A Systemic Evaluation of Multimodal RAG Privacy
Published on arXiv
2601.17644
Membership Inference Attack
OWASP ML Top 10 — ML04
Sensitive Information Disclosure
OWASP LLM Top 10 — LLM06
Key Finding
MIA achieves 0.993 F1-score on exact-match images; image transformations reduce but do not eliminate risk (0.60 F1 under rotation), while caption extraction exact-match drops to 0.41 on complex medical datasets.
The growing adoption of multimodal Retrieval-Augmented Generation (mRAG) pipelines for vision-centric tasks (e.g. visual QA) introduces important privacy challenges. In particular, while mRAG provides a practical capability to connect private datasets to improve model performance, it risks the leakage of private information from these datasets during inference. In this paper, we perform an empirical study to analyze the privacy risks inherent in the mRAG pipeline observed through standard model prompting. Specifically, we implement a case study that attempts to infer the inclusion of a visual asset, e.g. image, in the mRAG, and if present leak the metadata, e.g. caption, related to it.
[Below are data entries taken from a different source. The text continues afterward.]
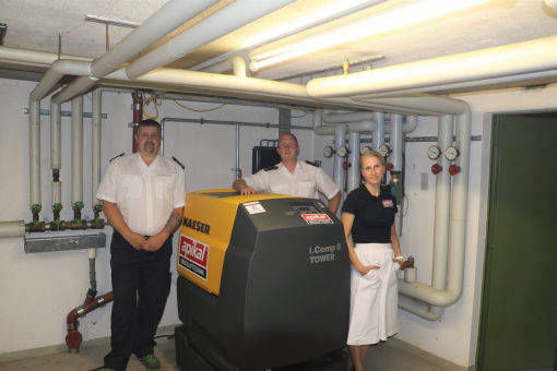 Wir bedanken uns herzlich bei Herrn Klaus Händler (Geschäftsführer der Firma apikal Drucklufttechnik) für die Spende des neuen Kolbenkompressors i.Comp 8 Tower. Nach 17 Jahren können wir nun ein neues Modell in Gebrauch nehmen welches mit einem Fördervolumen von 404l/min die feste Druckluftversorgung unserer drei Fahrzeuge und der Werkstatt sicherstellt. Neben einer sehr leisen und ölfreien Arbeitsweise weist der i.Comp 8 Tower auch eine leichte Wartungszugänglichkeit und die Möglichkeit auf, bei Störungen direkt die Gerätewarte zu informieren.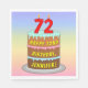 This fun and cheerful birthday-themed paper napkin design features a cartoon-style depiction of a three-tier birthday cake having number-shaped candles on top showing the age “72“, along with the message “HAPPY 72ND BIRTHDAY,”, and an editable recipient name. The background features a multicolored pastel rainbow spectrum inspired gradient pattern. Paper napkins like these might be used when celebrating somebody’s seventy second birthday. [~Z0000623]
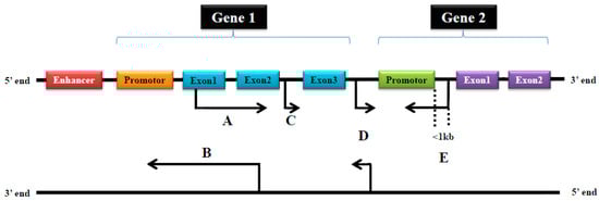 The classification of long noncoding RNAs (lncRNAs). (A) Sense lncRNAs are transcribed from the sense strand of protein-coding genes. They contain exons from protein-coding genes and therefore can share a part or the entire sequence of a protein-coding gene; (B) Antisense lncRNAs are transcribed from the antisense strand of protein-coding genes and they contain exons from protein-coding genes, and therefore can share a part or the entire sequence of a protein-coding gene; (C) Intronic lncRNAs are transcribed from an intron and therefore contain a sequence originating from the genomic interval between two exons; (D) Intergenic lncRNAs are transcribed from both strands and are an independent unit within the genomic interval between two genes; and (E) Bidirectional lncRNAs are transcribed from the promoter of a protein-coding gene in opposite direction of the protein-coding gene. Their sequence is located less than 1kb upstream from the promoter sequence.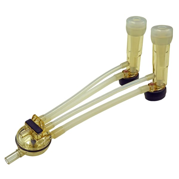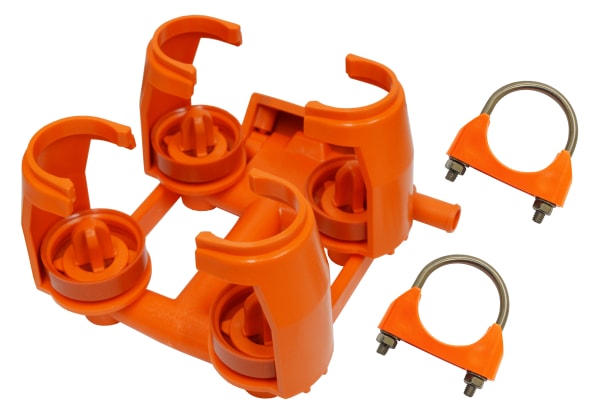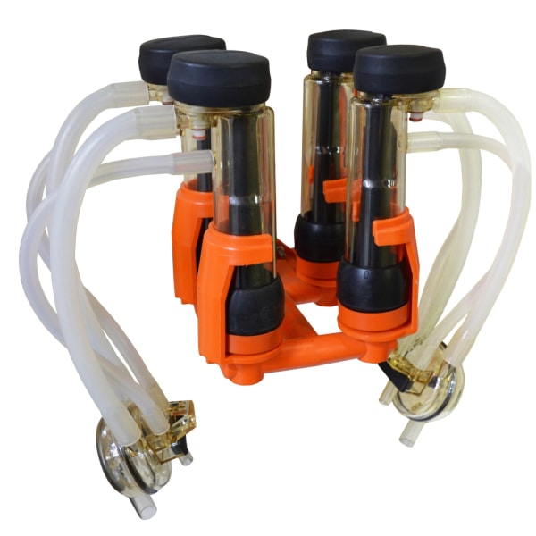 With side support clips, one unit for two goat clusters. This offers the best shell support while clusters are washing or stored but may not readily disingage on ACR start-up, necessitating manual release on vacuum start-up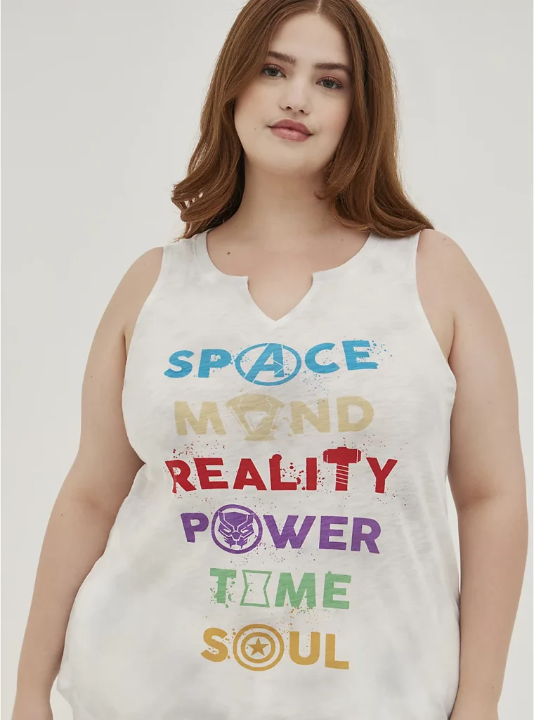 This is one tank top that I definitely need for summer! Representing the six different Infinity Stones, this tank top would be the perfect look for your next trip to Avengers Campus.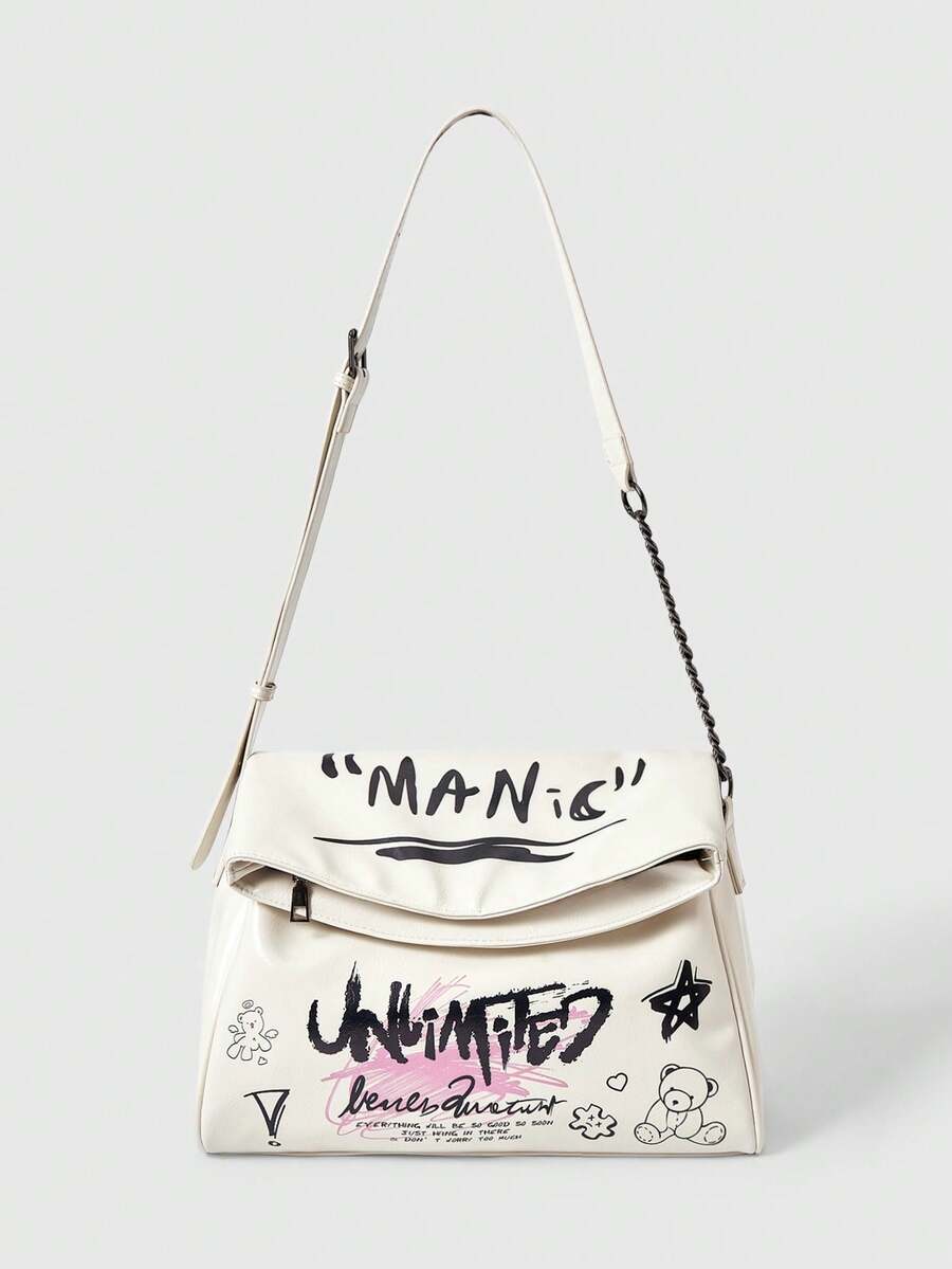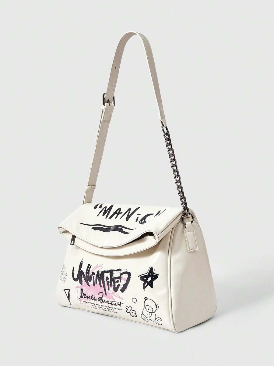Grunge Punk Borsa a tracolla da donna in PU con graffiti di lettere alla moda e catena, stile street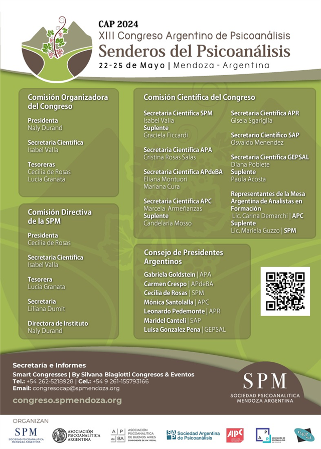 Los esperamos en Mendoza, del 22 al 25 de mayo de 2024, para recorrer juntos los “Senderos del Psicoanálisis” en nuestro XIII Congreso Argentino de Psicoanálisis. El evento será presencial y se llevará a cabo en el Centro de Congresos y Exposiciones. La Sociedad organizadora es Sociedad Psicoanalítica de Mendoza.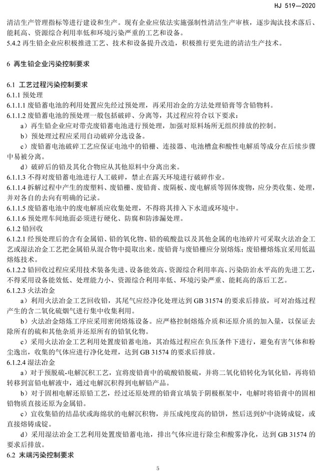 廢鉛蓄電池處理污染控制技術(shù)規(guī)范(HJ 519——2020 代替 HJ 519-2009)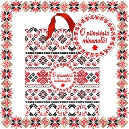 Punguta cadou de dimensiune 12x14.5x6cm cu design cu motive traditionale romanesti si mesajul O primavara minunata! Daruieste cadoul tau complet de martisor!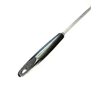 Vintage EKCO chromium plated slotted spatula features a classic mid-century design with a durable black composite handle. This essential kitchen tool is crafted in the USA, offering a sturdy construction ideal for flipping eggs, burgers, or pancakes. The handle includes a convenient hanging hole for easy storage, while the slotted head allows for efficient drainage of fats and liquids.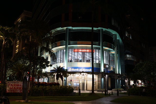 クヒオ通りに面しているので、オープンテラス席からはこんな風景を見ながらの食事。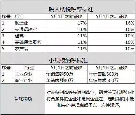 從2018年5月1日起,實(shí)施以下深化增值稅改革征收標(biāo)準(zhǔn)整理如下: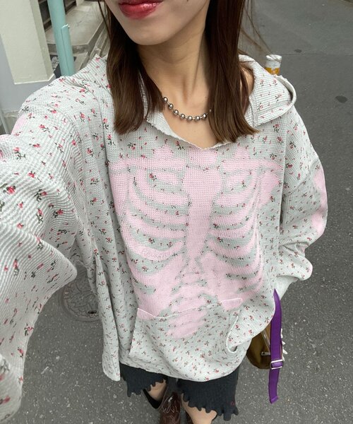 今っぽくこなれた雰囲気のフラワーサーマルロンT ▼ポイント フェード感のあるフラワー柄に、かすれたスケルトンプリントを重ねたスキッパーフーディー。 フロントから袖までプリントを施し、ダメージ加工で古着やヴィンテージのような表情に仕上げています。 程よくルーズなシルエットとスキッパーデザインで、抜け感のある着こなしが楽しめる一枚です。 ▼スタイリング デニムやロングスカートと合わせて、力の抜けた古着ミックスに。 インナーをちらっと見せるスキッパー仕様で、レイヤードも自然に決まります。 --------------------------------------------------- 透け感:なし 伸縮性:あり 裏地:なし 光沢:なし --------------------------------------------------- 家庭洗濯:40℃限度/ 洗濯機[非常に弱い] タンブル乾燥:不可 アイロン:中温150℃まで クリーニング:ドライクリーニング不可, 非常に弱い操作によるウェットクリーニング可 ●この製品は縫製後、製品染めをしています。そのため、1枚1枚色の出かた、風合い、サイズなど微妙に違う場合があります。 ●着用中の摩擦や汗、水などで濡れたことによる他のものへの色移りにご注意ください。 ●この製品はデザインとして、一部分を意図的に裁ち切り状態にしております。 ●着用や洗濯・クリーニングの繰り返しにより、ほつれが増したり、裁ち切り部分が丸まってくる事がありますので、ご了承ください。 --------------------------------------------------- 【RePRODUCTION LABEL / リプロダクションレーベル】 「vintage」をリスペクトし、当時のスタイルと魅力を 現代ファッションへ再構築(re-production)したレーベル。 vintageの空気感を残しながら ブランド独自のフィルターを通すことで よりモダンなエッセンスを加えたコレクションを展開。 『fashion の熱量は、どの時代も変わらない』 2023AWより元ラグジュアリーブランドトップデザイナーを 迎えて始動 ------------------------------------------------------ ※着用、お取り扱いの際は、商品についている品質表示とアテンションタグを必ずご確認下さい。 ※画像の商品はサンプルです。実際の商品と仕様、加工、サイズが若干異なる場合がございます。 ※可能な限り実物に近いカラーにて掲載していますが、撮影環境やモニター環境などにより製品と画像のカラーがやや異なって見える場合もございます。予めご了承ください。 【お買いものをよりお楽しみいただく為に!!】 ▼商品のお気に入り登録(ハートマークをクリック) お気に入りアイテムの完売カラーの再入荷通知や、ラスト1点の通知、セールの通知も受け取ることができます。 ▼ブランドのお気に入り登録 新商品や再入荷、クーポン配布などのお得な情報を受け取ることができます。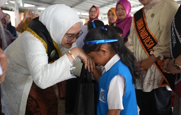 Sebagai bentuk perhatian dan dukungan kepada anak-anak, seusai kegiatan Bunda PAUD Provinsi menyerahkan Goody Bag yang berisi buku gambar, pensil warna, serta mainan edukatif kepada anak-anak PAUD Cahaya Mata.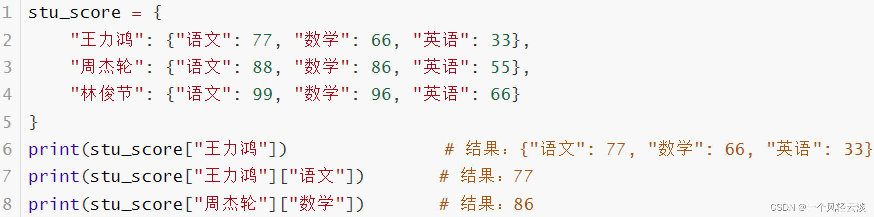 现在需要将其通过Python录入至程序中,并可以通过学生姓名检索学生的成绩。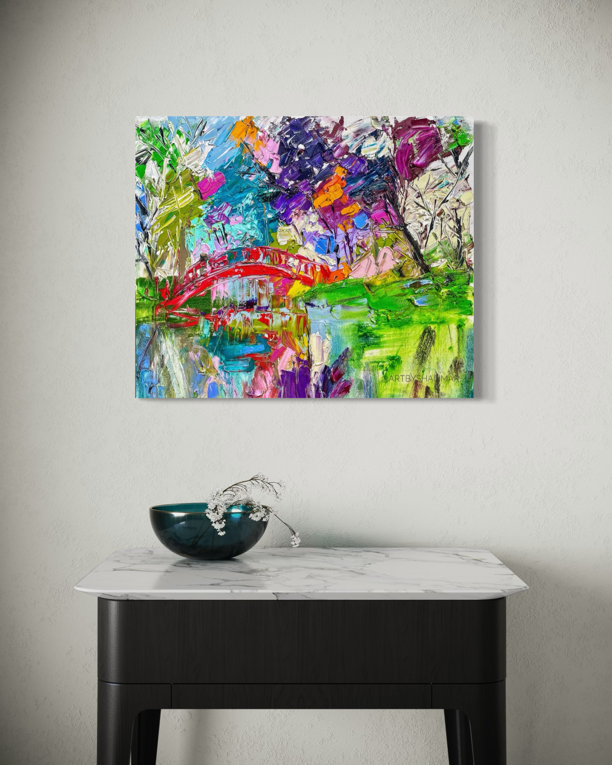 We are happy to provide more extensive photos, videos, and renderings of the painting for you if you have a questions or concerns about how it will look in your space.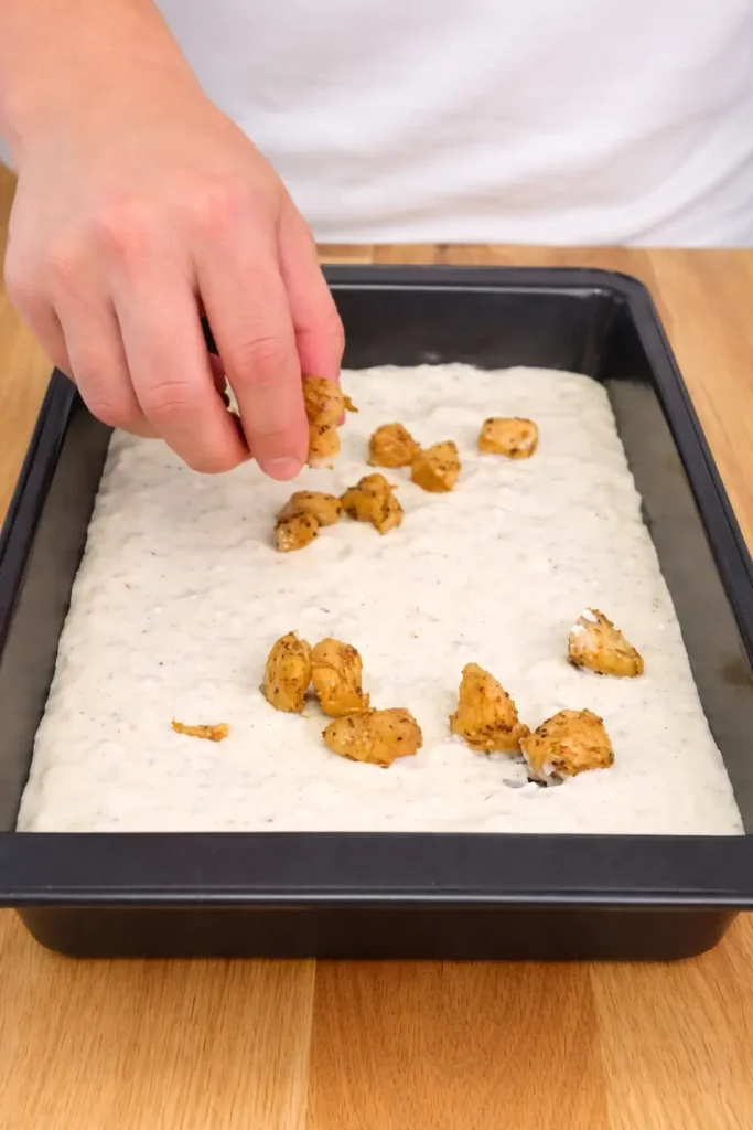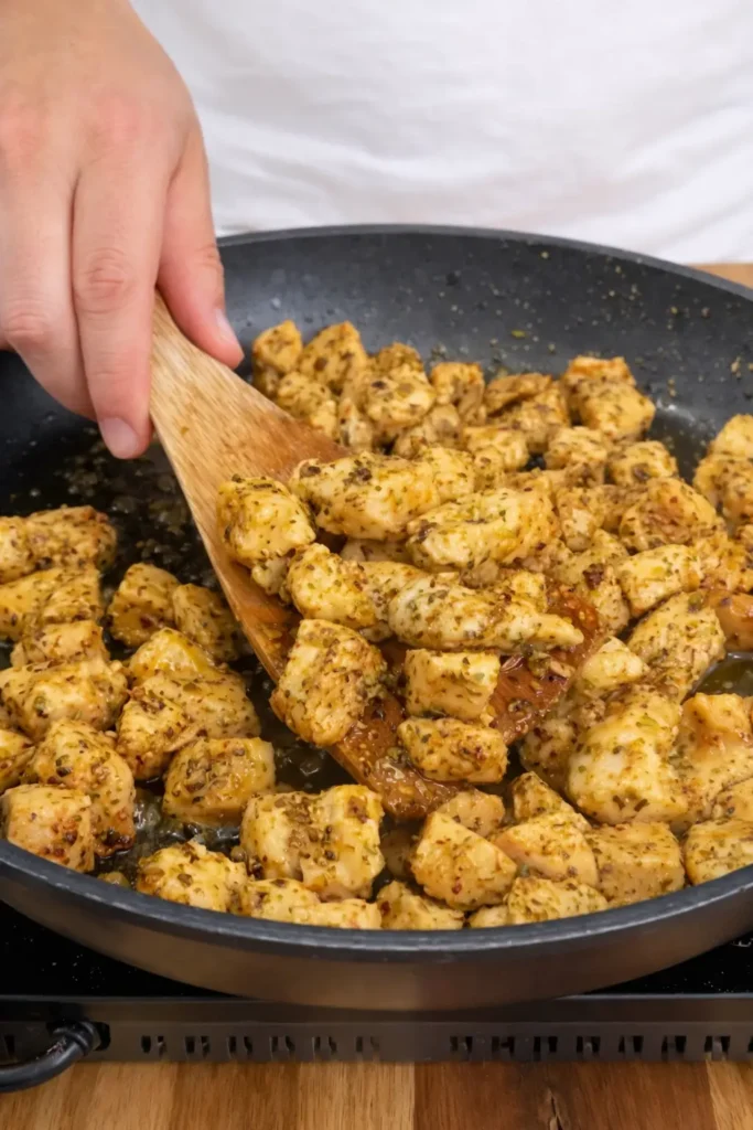 Start by seasoning your diced chicken breast with salt, garlic powder, onion powder, and Italian herbs. Mix well so every piece is coated. Set it aside while you prepare the sauce.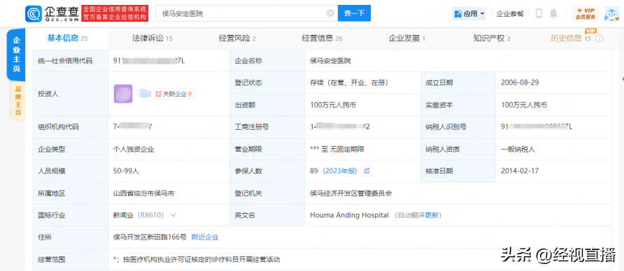 侯马安定医院官网显示,该院成立于1992年,为国家二级甲等医院。记者通过企查查查询发现,该医院系个人独资企业。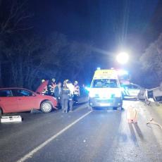 Po čelní srážce leželo jedno vozidlo na střeše.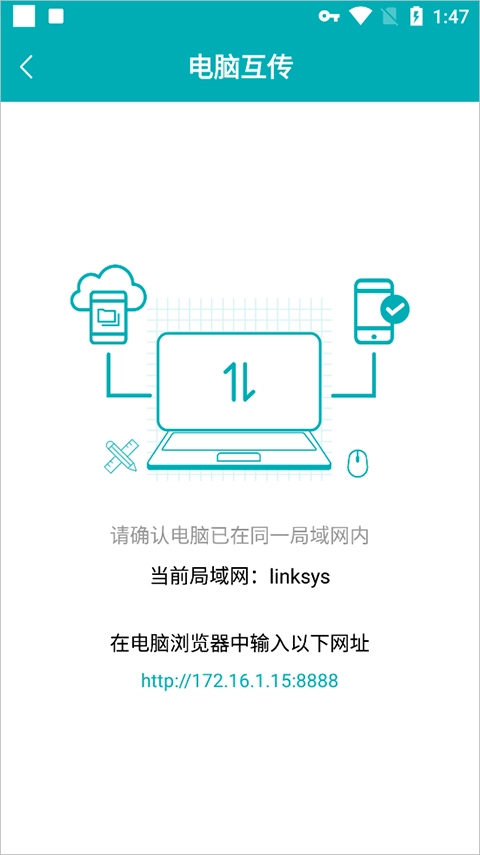随后在电脑浏览器中输入指定网址即可完成数据传输。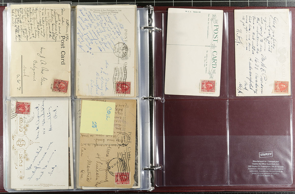 Admiral Postal History / Postcard Accumulation Part 1. A collector's journey of collecting Admiral franked postcards. This portion consists of two full binders, with 395 postcards, all selected for George V Admiral frankings and cancelled with CDS postmarks from across the country. Displayed on clear 4-pocket pages, all pages (except the first) arranged with 8 cards per-page, with the postally used side showing outwards. An excellent opportunity for the postmark or Admiral hound, with 4 large lots offered in this sale. Estimate =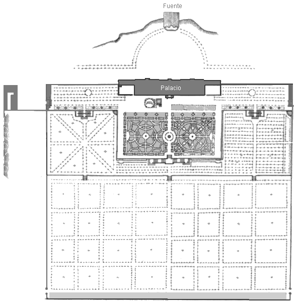 Este conjunto monumental que forma el Palacio, los jardines de trazado regular situados en su base y el parque agreste que los prolonga, constituye uno de los pocos ejemplos que quedan en España de una organización completa de lo arquitectónico y lo rural.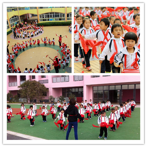 踏着轻快的音乐节拍,孩子们精神抖擞地走进场地,列出整齐的方阵,跟着老师们一起做着优美的腰鼓动作。每个年级组的老师们根据幼儿的年龄特点,结合幼儿园的特色,编排了别开生面的欢庆腰鼓操,无论是大班的《闪闪的红星》,中班的《浓浓陕北情》和小班的《腰鼓乐》都充满了浓郁的民族特色。比赛中,红色的腰鼓,热情的彩带衬托出孩子们那认真的态度和可爱的表情,这些热烈的色彩和明快的表情点亮了青龙和紫云的天空。

Our findings highlight the need for privacy-preserving mechanisms and motivate future research on mRAG privacy.
Key Contributions
- Systematic empirical evaluation of membership inference attacks on multimodal RAG pipelines, including robustness to image transformations (rotation, crop, mask)
- Analysis of image caption retrieval (metadata extraction) attacks, showing success rates ranging from 0.41 to 0.75 exact-match depending on image complexity
- Investigation of system-level design choices (prompt structure, context ordering, reranking, retrieval pool size) that modulate privacy leakage severity
🛡️ Threat Analysis
RQ1 is explicitly a membership inference attack — determining whether a specific image is present in the private mRAG database, achieving 0.993 F1-score under exact-match conditions.